Images of the month 1: Cough before the storm: A case of pulmonary alveolar microlithiasis

Case presentation
A 45-year-old woman, referred for assessment of a chronic dry cough, underwent plain chest X-ray which demonstrated innumerable small pulmonary nodules producing a ‘sandstorm’ appearance (Fig 1). She was constitutionally well and not dyspnoeic. The cough had subsided considerably by the time of her review. Tests for active tuberculosis, autoimmune disorders and thyroid disease were negative. High-resolution computed tomography showed widespread interlobular septal thickening and a dense micronodular pattern consistent with pulmonary alveolar microlithiasis (PAM; Fig 2).
Chest X-ray showing widespread pulmonary calcification suggesting a ‘sandstorm’ appearance.
Axial lung window high-resolution computed tomography. a) Axial lung window setting demonstrating extensive interlobular septal thickening and a micronodular pattern. b) Axial wide-window setting reveals extensive high-density calcified spherules consistent with pulmonary alveolar microlithiasis.
Genetic testing confirmed that the patient was homozygous for a pathogenic frameshift variant in the SLC34A2 gene: c.1653_1660del, which results in a termination codon, p.(Trp552AlafsTer109). The protein encoded by this gene is involved in phosphate homeostasis and alveolar surfactant metabolism. Although a family history of lung disease was not obtained, she reported parental consanguinity.
Pulmonary function testing demonstrated a mild restrictive ventilatory defect with slight gas transfer impairment.
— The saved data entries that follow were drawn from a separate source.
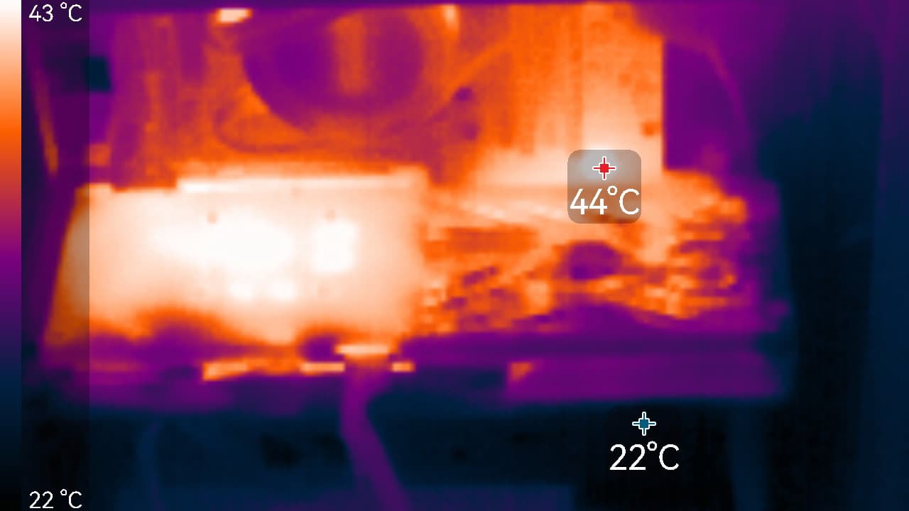 В режиме простоя в 2D температура была не выше 38,2 °C, вентиляторы не работали, уровень шума был фоновым (18 дБА).
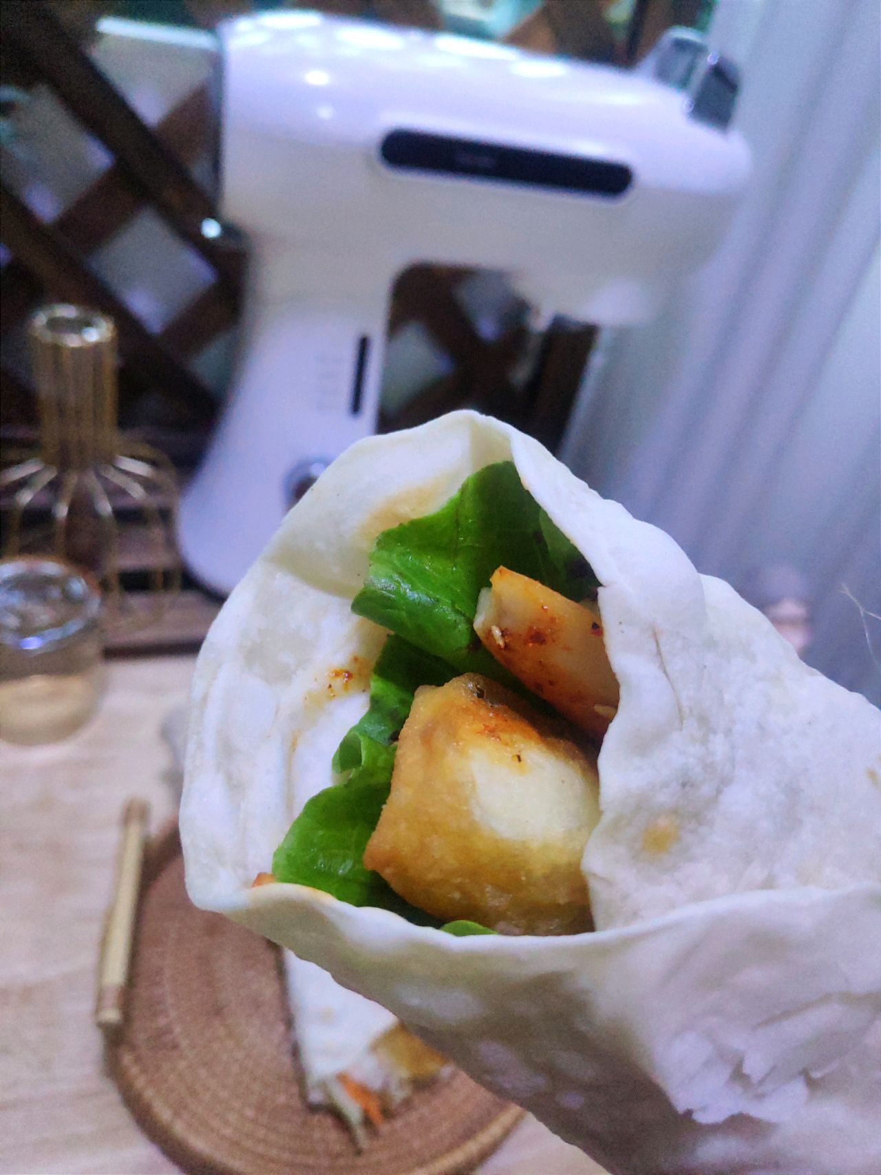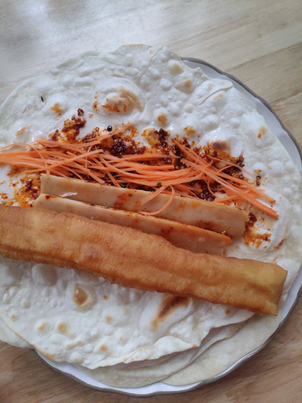 步骤7、喜欢吃什么就加什么,我放了半根油条,生菜和其他的,再来一勺辣椒油,味道真心不错
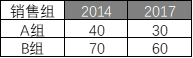 柱形图:可以横向比较A,B组数量关系。但很难看出2014与2017年总数量差异。

Regular monitoring was instituted and a referral made to the regional thoracic transplant assessment service.
Discussion
PAM is a rare autosomal recessive disease characterised by the accumulation of innumerable calcium phosphate deposits known as microliths in the lungs. It is caused by pathogenic variants in the SLC34A2 gene which is located on chromosome 4p15 and encodes a 690-amino acid type IIb sodium phosphate cotransporter. This protein is expressed in alveolar type II cells and its mutation results in disordered phosphate homeostasis and clearance from the alveoli.1
The extensive ‘sandstorm’ calcification in PAM is typically an incidental X-ray finding which precedes the onset of significant symptoms.2 Genetic testing confirms PAM, a diagnosis usually made in childhood to the 4th decade of life. Familial occurrence is seen in a third of cases and there is also a strong association within consanguineous families.1
While patients are often minimally affected at the time of diagnosis, regular surveillance is important as progression of the condition can result in ventilatory failure secondary to extensive microlithiasis, pulmonary fibrosis, pneumothorax or cor pulmonale.2 To date, lung transplant remains the only effective therapeutic option.